*Task directions*. Transcribe the lines below verbatim, skipping the images.
[[ Data open ]]
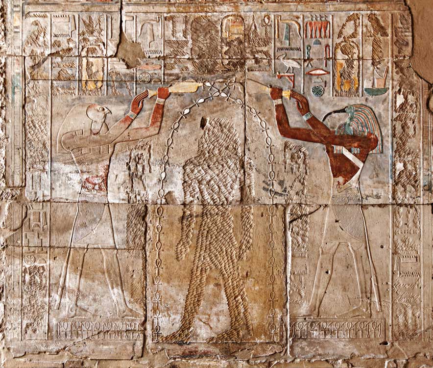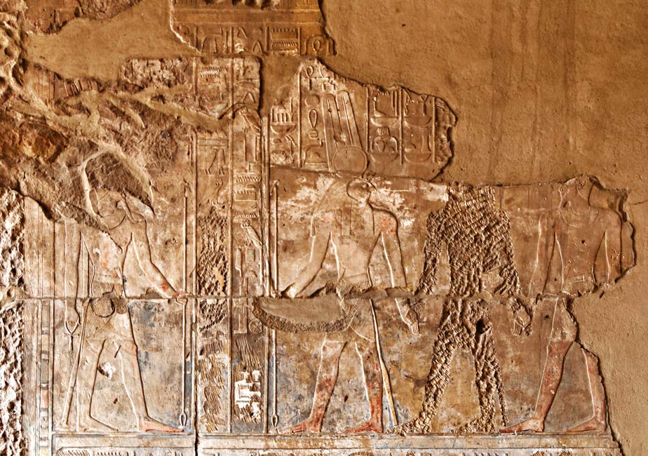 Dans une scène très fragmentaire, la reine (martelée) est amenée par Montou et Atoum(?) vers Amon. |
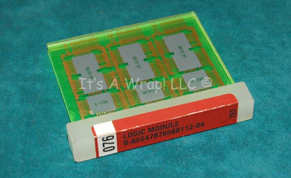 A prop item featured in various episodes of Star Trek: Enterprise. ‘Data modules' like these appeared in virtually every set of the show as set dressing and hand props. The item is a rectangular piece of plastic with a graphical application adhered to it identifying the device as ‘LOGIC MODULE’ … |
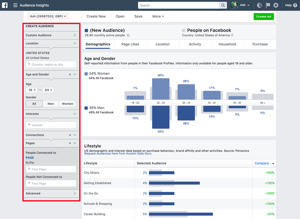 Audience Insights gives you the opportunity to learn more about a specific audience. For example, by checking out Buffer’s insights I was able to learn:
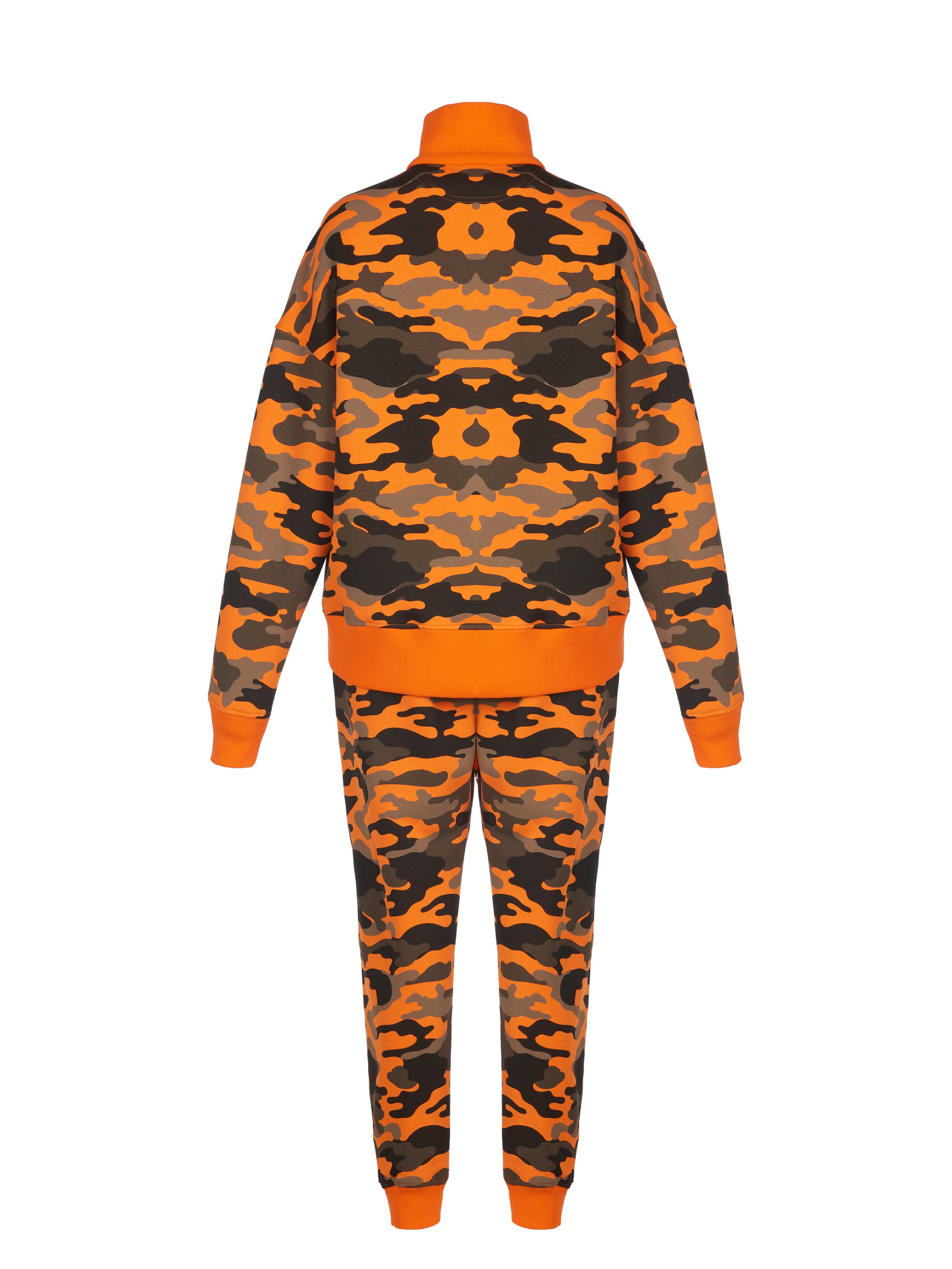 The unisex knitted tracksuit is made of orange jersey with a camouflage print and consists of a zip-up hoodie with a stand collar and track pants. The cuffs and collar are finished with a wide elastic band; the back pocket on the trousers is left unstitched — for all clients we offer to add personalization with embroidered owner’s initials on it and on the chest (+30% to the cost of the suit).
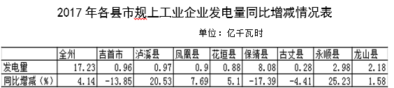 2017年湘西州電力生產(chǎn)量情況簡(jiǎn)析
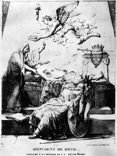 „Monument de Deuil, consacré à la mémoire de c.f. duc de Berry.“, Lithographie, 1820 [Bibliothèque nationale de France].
[[ Data closed ]]
*Your solution*.
 Dans une scène très fragmentaire, la reine (martelée) est amenée par Montou et Atoum(?) vers Amon. |
 A prop item featured in various episodes of Star Trek: Enterprise. ‘Data modules' like these appeared in virtually every set of the show as set dressing and hand props. The item is a rectangular piece of plastic with a graphical application adhered to it identifying the device as ‘LOGIC MODULE’ … |
 Audience Insights gives you the opportunity to learn more about a specific audience. For example, by checking out Buffer’s insights I was able to learn:
 The unisex knitted tracksuit is made of orange jersey with a camouflage print and consists of a zip-up hoodie with a stand collar and track pants. The cuffs and collar are finished with a wide elastic band; the back pocket on the trousers is left unstitched — for all clients we offer to add personalization with embroidered owner’s initials on it and on the chest (+30% to the cost of the suit).
 2017年湘西州電力生產(chǎn)量情況簡(jiǎn)析
 „Monument de Deuil, consacré à la mémoire de c.f. duc de Berry.“, Lithographie, 1820 [Bibliothèque nationale de France].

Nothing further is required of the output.